Ferme à trolls (© DK_2020 / Adobe Stock – Image générée par IA)
Michel Klen analyse le mystérieux « syndrome de La Havane » qui frapperait de nombreux diplomates occidentaux et en particulier américains. Partant, il revient sur l'ampleur des mesures actives russes à l'égard de l'Occident, dans le cadre d'une guerre hybride retentissante.

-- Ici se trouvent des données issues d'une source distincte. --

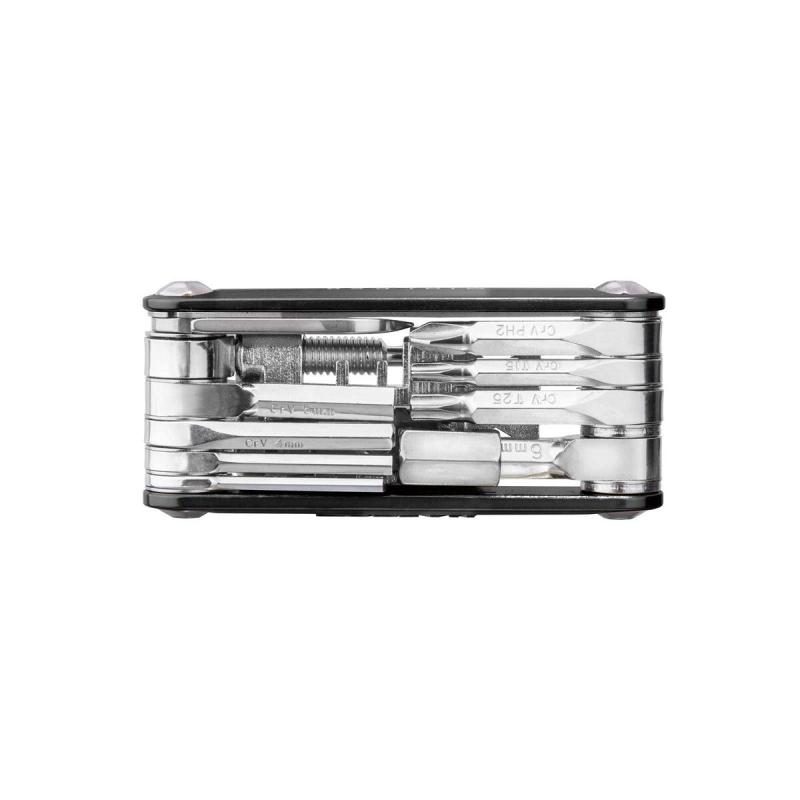 Vysoce kvalitní a přesné mini nářadí s 20 funkcemi v elegantním těle z kovaného hliníku. Integrovaná nýtovačka řetězu s vestavěným nástrojem master link. Ideální multifunkční nářadí pro jakoukoli vyjížďku.

Depuis environ une décennie, des membres du personnel diplomatique en poste à l’étranger, essentiellement des Américains (civils, militaires, agents de renseignement), sont touchés par des symptômes inquiétants (malaises, étourdissements, troubles visuels, troubles auditifs, vertiges, nausées). Les premiers cas se sont produits au milieu de l’année 2016 dans la capitale cubaine, d’où le nom de syndrome de La Havane donné à ce mal mystérieux. Du fait de cette maladie, quarante diplomates américains ont dû écourter leur présence à Cuba. Par la suite, des cas similaires frappant surtout des diplomates en provenance des États-Unis ont été signalés dans d’autres pays (Chine, Inde, Allemagne, Vietnam, Géorgie). Cet événement troublant n’a été porté à la connaissance du grand public que le 30 mars 2024 avec la publication d’une enquête très fouillée par le journal russe indépendant The Insider, un média en ligne fondé en 2013 par Roman Dobrokhotov, un opposant de Poutine, et spécialisé dans le journalisme d’investigation. Le bureau éditorial du réseau est situé à Riga en Lettonie. Il travaille en liaison étroite avec Bellingcat, ONG regroupant des enquêteurs spécialisés dans la vérification des faits et le renseignement d’origine source ouverte (open source). The Insider et Bellingcat avaient occupé le devant de la scène médiatique en dénonçant les empoisonnements d’opposants russes (Skripal, Navalny) par les services secrets du Kremlin.
L’affaire du syndrome de La Havane a été aussi commentée par le magazine allemand Der Spiegel et la chaîne américaine CBS qui a soutenu dans sa célèbre émission 60 minutes que « ces éléments anormaux de santé […] pourraient provenir de l’utilisation d’armes à énergie dirigée […] par des membres de l’unité 29155 du service de renseignement militaire russe GRU. » D’après l’enquête, ces Armes à énergie dirigées (AED) font appel à un faisceau d’énergie dont les modalités ont été étudiées par des experts de la DARPA (l’agence des projets de recherche de l’armée américaine). Selon l’un d’eux, « l’utilisation d’impulsions ultrarapides rend cette technique de production de micro-ondes portable avec un rayon d’action de 30 à 60 mètres » suffisamment proche pour atteindre, potentiellement, des humains chez eux à travers les murs et les fenêtres (1). En 2020, des experts mandatés par le Département d’État ont confirmé que la plupart de ces symptômes « tels qu’étourdissements, maux de tête, fatigue, nausées, anxiété, déficits cognitifs et perte de mémoire » correspondaient « aux effets connus des radiofréquences » (2).
Malgré l’authenticité de ces symptômes, une interrogation demeure : la technologie utilisée pour propager cette maladie sur des cibles bien précises reste indéterminée. Quelle que soit la réponse apportée à cette question, force est de constater que l’apparition de cette affection anxiogène a porté un coup sérieux au moral de la diplomatie américaine. Eric Rubin, président de l’association américaine des affaires étrangères a affirmé que le recrutement de candidats pour des postes diplomatiques devenait plus difficile (3). Le syndrome de La Havane a donc bien créé un état de psychose. L’instauration d’un tel climat angoissant et d’une atmosphère d’obsession collective fait justement partie des mesures actives mises en place par les services spéciaux de l’URSS puis de la Russie pour déstabiliser un adversaire.